# St Barts Forums > Timeless Tips - A Great Place To Start >  >  What there is and isn't . . .  feel free to add as you like . . . .spell check!

## JEK

There is no *U* in Colombier
There is one *M* and one *S* in Flamands
There is no apostrophe in Lorient
There is an accent on the wine Rosé for a reason
There are two *U*s in Gouverneur

----------


## KevinS

There are only one *E* and two *A*s in Sint Maarten.

----------


## amyb

Merci.

----------


## andynap

> There is no *U* in Colombier
> There is one *M* and one *S* in Flamands
> There is no apostrophe in Lorient
> There is an accent on the wine Rosé for a reason
> There are two *U*s in Gouverneur



3 Columbiers today but I didn't feel like correcting

----------


## JEK

> 3 Columbiers today but I didn't feel like correcting



I felt your pain

----------


## tim

There *are* some fabulous photographers on the island, both amateur and professional, who regularly and graciously contribute their talents to this site, the function of which was first exploited by fellow mod, iJEK.

What there *ain't* is a bike rental/repair boutique(unless it's slipped in without my notice).

----------


## stbartshopper

It is l'Esprit not L'Espirit.

----------


## kent1994

> There *are* some fabulous photographers on the island, both amateur and professional, who regularly and graciously contribute their talents to this site, the function of which was first exploited by fellow mod, iJEK.
> 
> What there *ain't* is a bike rental/repair boutique(unless it's slipped in without my notice).



And this is surprising because we noticed many more bikes this year.

----------


## elgreaux

there isn't a golf course or a casino...

----------


## LMAC

And the sign at Entr'acte no longer has an "l" in front of the name.
and, if I'm not mistaken the 
Tamarin used to be Le or La ......... but maybe not.

----------


## Bart -my real name-

> There is no *U* in Colombier
> There is one *M* and one *S* in Flamands
> There is no apostrophe in Lorient
> There is an accent on the wine Rosé for a reason
> There are two *U*s in Gouverneur



"Anyone who can only think of one way to spell a word obviously lacks imagination."    -   Mark Twain


But I know some of you are stickers so I'll reluctantly add, there's no "Le" in the name of the restaurant called "Tamarin".

----------


## JEK

There is an *E* and two *Us* in Fourchue.

----------


## cassidain

_Chance_ *is* féminin and *isn't* masculin, donc l'expression *is* _bonne chance_ and *isn'*t _bon chance._ :)

----------


## JEK

There are no beans in La Gloriette's cassolette.

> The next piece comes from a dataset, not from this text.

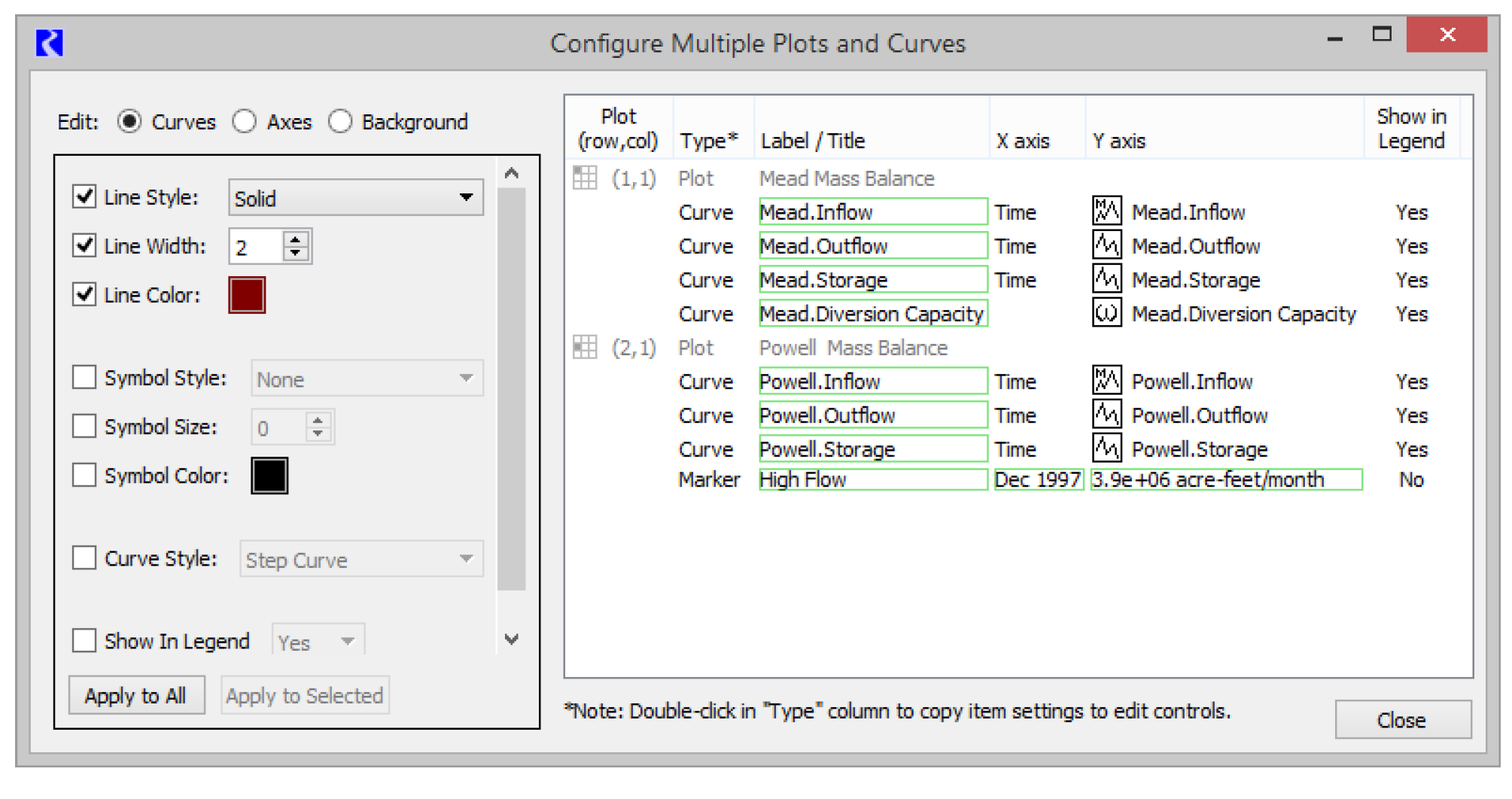 The Configure Multiple Plots and Curves dialog allows you to Edit the appearance of multiple plots or curves in one location. Most plot settings for the optional nine separate plots within a plot page are editable within the dialog. The user can select multiple items within a plot page, e.g. curves and markers, and apply selected settings to those items in a single operation. The dialog is shown in
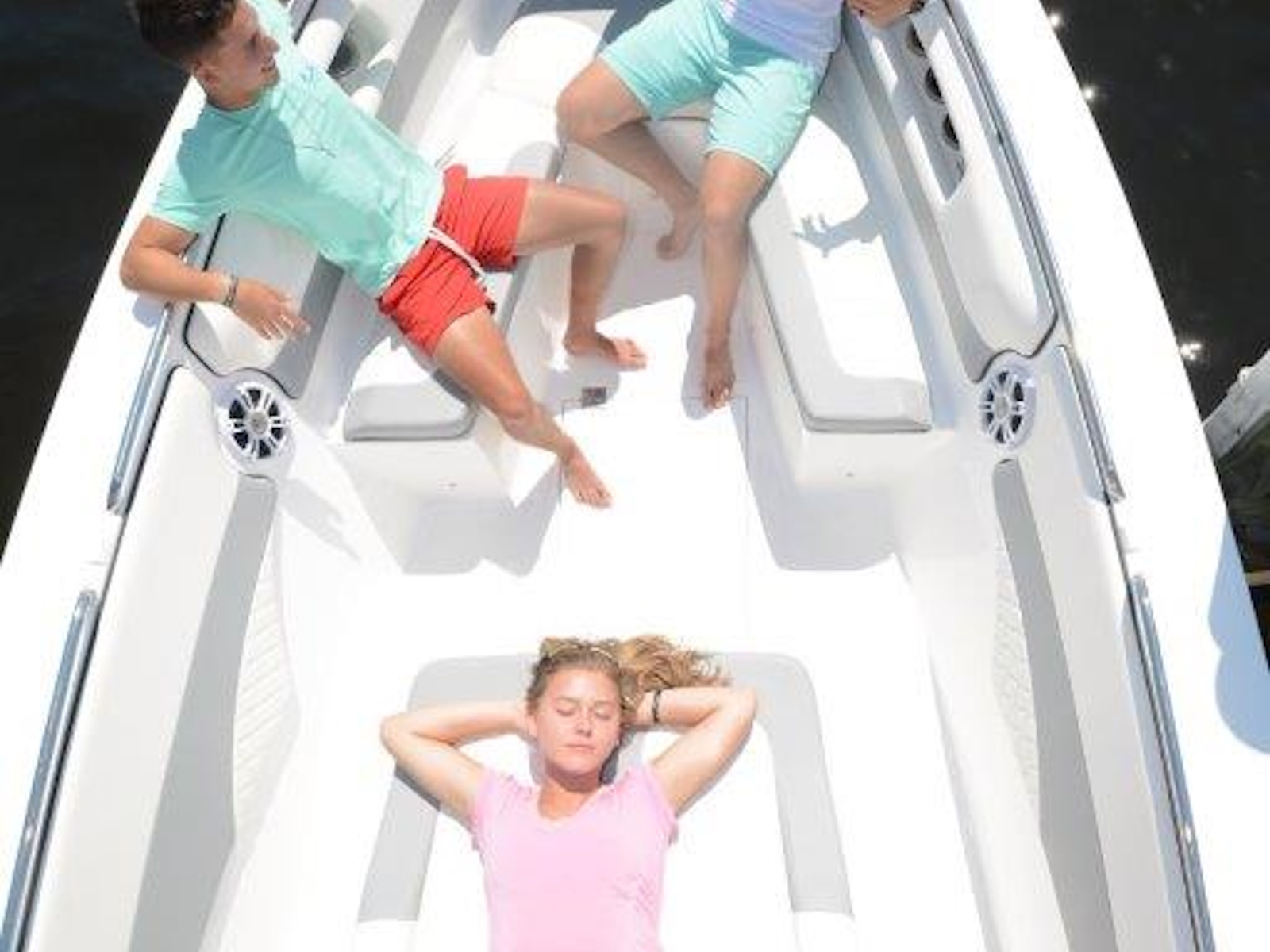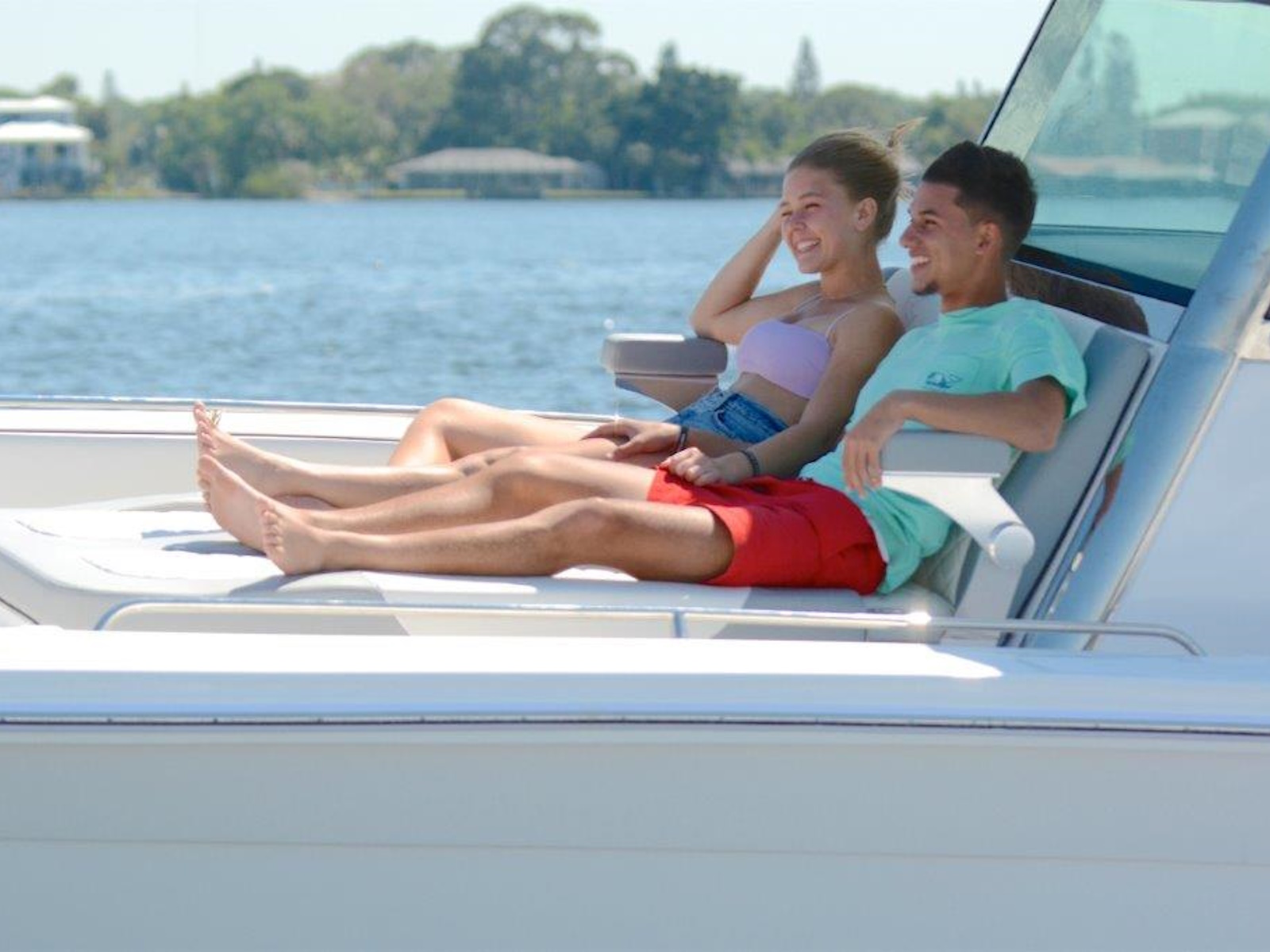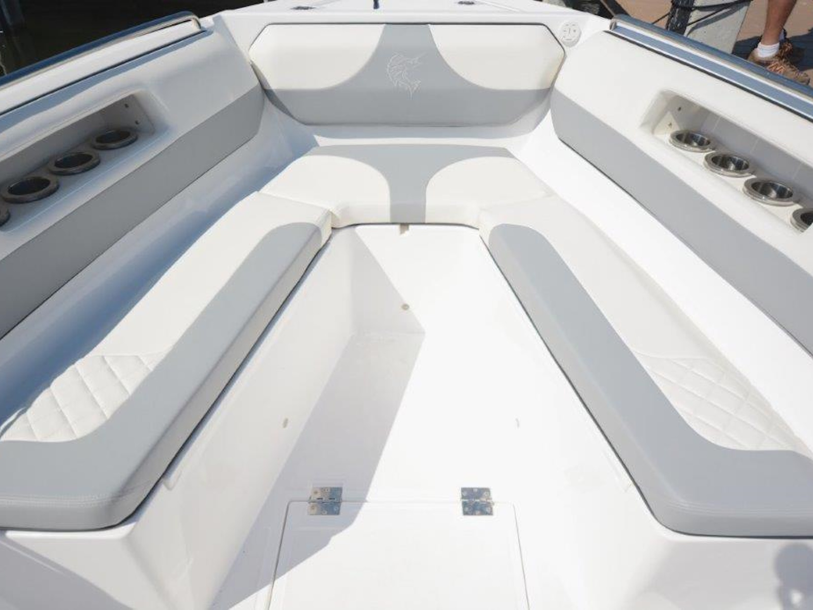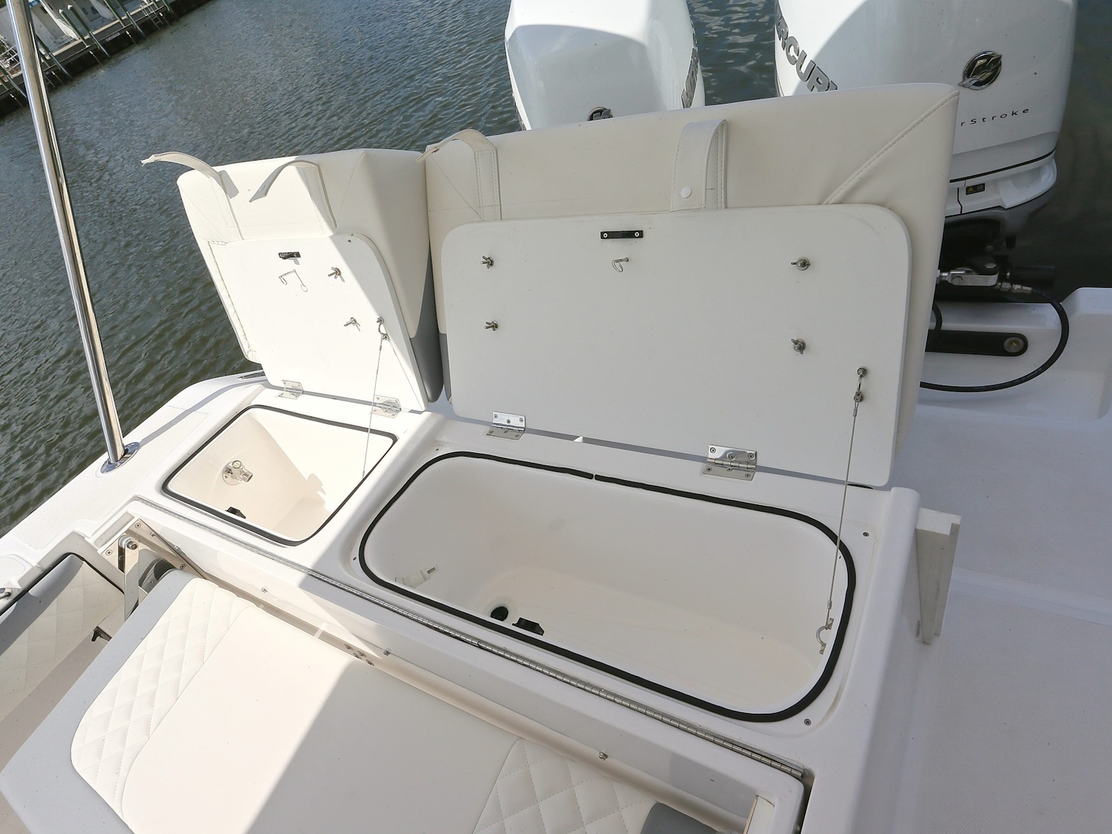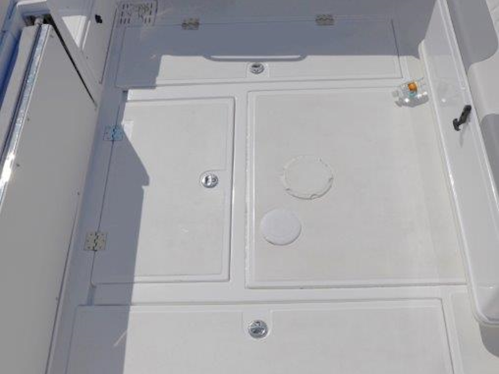 • Folding Aft Bench Seat with power lift to access aft rigging

There is no lobster in a cassoulet.

----------


## Theresa

Call that lobster dish whatever you like.  My mouth is watering......

----------


## fins85258

Wonder if they will ever discover the Lobster Roll

----------


## cassidain

> Wonder if they will ever discover the Lobster Roll



Just as soon as they discover hot dog buns...never, I hope.

----------


## elgreaux

they sell hot dog buns at the supermarket and we sell a lot of hotdogs at the film festival snack bar :)

----------


## davesmom

I hope they put lobster in my "Cassolette"...

----------


## cassidain

> they sell hot dog buns at the supermarket and we sell a lot of hotdogs at the film festival snack bar :)



Geez, look for the Golden Arches next. :nightmare:

----------


## noel

There isn't the bread lady anymore.
Sad.

----------


## JEK

There is an *e* on the end of Repair*e* and it is L*e* -- L*e* Repair*e*.

Oh, and no *e* in Choisy.

----------


## george

There are 2 *N*s in saisonniers... :p

----------


## JEK

> There are 2 *N*s in saisonniers... :p




Touché !

----------


## JEK

There is a *L'* in L'Isola.

----------


## stbartshopper

St. Barth not St. Barts

----------


## davesmom

In French, you don't need a period if the abbreviation ends with the letter of the actual word.  St Barth
e.g. M. for Monsieur, Mme for Madame

----------


## cassidain

Plus, the word _saint_ when used, not to describe the canonized person him or herself, but the fête celebrating the saint or any church, town, street, square, etc name memorializing the saint requires a hyphen between _saint_ and the saint's name. Also, when referring to the saint him or herself, _saint_ is not capitalized, whereas it is in all other cases. Finally, when referring to the saint him or herself the word _saint_ must be spelled out. In all other cases it is strongly preferred that _saint_ be spelled out but may be abbreviated. Gender and number agreement applies.

So, the island is, _de préférence,_ Saint-Barthélemy. St-Barth or Saint-Barth otherwise. The saint himself is saint Barthélemy. The festival day is _la Saint-Barthélemy._

----------


## elgreaux

but no hyphens in English please, just plain old Saint Barth will do...

----------


## cassidain

> but no hyphens in English please, just plain old Saint Barth will do...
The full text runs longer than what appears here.